É o que diz Christian Girault, 61,
pesquisador francês do CNRS
(Centro Nacional de Pesquisa
Científica). De imediato, afirma,
todas as facções farão de tudo para agradar aos Estados Unidos.
Mas, a médio prazo, surgirão divergências sobre as regras pelas
quais disputarão o poder.
Eis os principais trechos da entrevista, feita por telefone.
Folha - É possível que o quadro
político haitiano se estabilize?
Christian Girault - Penso que haverá de imediato alguma estabilidade. Todos os protagonistas se
dizem amigos dos EUA e farão de
tudo para não lhes desagradar.
Guy Philippe, líder dos insurgentes, já prometeu entregar suas armas. Caso não o faça, os americanos o desarmarão com certeza.
Folha - Como reconstruir o país
com a oposição tão heterogênea?
Girault - Há muitos riscos. O
principal está na impossibilidade
de entendimento interno sobre as
regras a partir das quais o poder
será redisputado. Não há apenas
democratas na oposição.
Folha - Por que o desgaste tão
abrupto do presidente Aristide?
Girault - A margem de manobra
dele se reduziu de modo muito rápido. Ele perdeu rapidamente as
principais regiões do país para os
rebeldes. Não chegou a ser cercado porque não ocorreu uma operação militar. Os rebeldes não
passavam de ex-policiais ou ex-militares que detinham suas antigas armas e com elas tomavam de
assalto delegacias de polícia.
Folha - De que forma pesou a
oposição política na capital?
Girault - Essa oposição é bastante díspar. Ela não reagiu de forma
coordenada. Mesmo assim, a
oposição procurou agradar aos
EUA, e suas denúncias enfraqueceram Aristide.
Folha - Foram os EUA que reinvestiram Aristide na Presidência, em
1994. O que é que deu errado?
Girault - Quando Washington
recolocou Aristide [deposto em
golpe em 91] no poder, a operação
teve o guarda-chuva institucional
da ONU. Os americanos demoraram três anos para reinvesti-lo
porque ele nunca foi em Washington uma primeira opção.

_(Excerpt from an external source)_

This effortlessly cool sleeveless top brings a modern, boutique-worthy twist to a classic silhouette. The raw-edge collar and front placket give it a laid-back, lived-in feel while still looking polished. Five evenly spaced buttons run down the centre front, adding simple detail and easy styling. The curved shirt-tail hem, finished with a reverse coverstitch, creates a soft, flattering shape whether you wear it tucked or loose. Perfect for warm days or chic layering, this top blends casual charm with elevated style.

Folha - Mas para viabilizar o governo dele teria sido preciso um
programa de apoio financeiro.
Girault - De início, os EUA e a
União Européia tinham projetos
concretos de ajuda ao Haiti. A
partir de 1994, os americanos participaram de missões para restabelecer a Justiça, reconstruir o sistema penitenciário e as forças de
polícia. Em fevereiro de 1995,
Aristide havia suprimido as Forças Armadas, porque elas o haviam deposto e também porque
estavam corrompidas e marcadas
por atrocidades em termos de direitos humanos. Foram 20 mil no
regime militar.
Folha - O que deu errado?
Girault - Foi basicamente a corrupção. Os programas haitianos
mudavam com freqüência e não
se sabia ao certo no bolso de
quem o dinheiro iria parar. A partir de 1997 ou 1998, a ajuda norte-americana e européia cessou.
Folha - Não se tinha, então, um
interlocutor local confiável?
Girault - A situação política também se tornou instável pelo calendário eleitoral. Nas eleições de
1997, a oposição acusou Aristide
de fraude. O mesmo aconteceu
em 2000, quando a oposição fraudulentamente foi privada de representação no Senado. A oposição fez denúncias embasadas, e
Washington as levou a sério. Em
2000, pessoas provavelmente ligadas ao presidente assassinaram
um jornalista importante, Jean
Dominique, o que agravou ainda
mais a situação. O país caiu em estágio letárgico.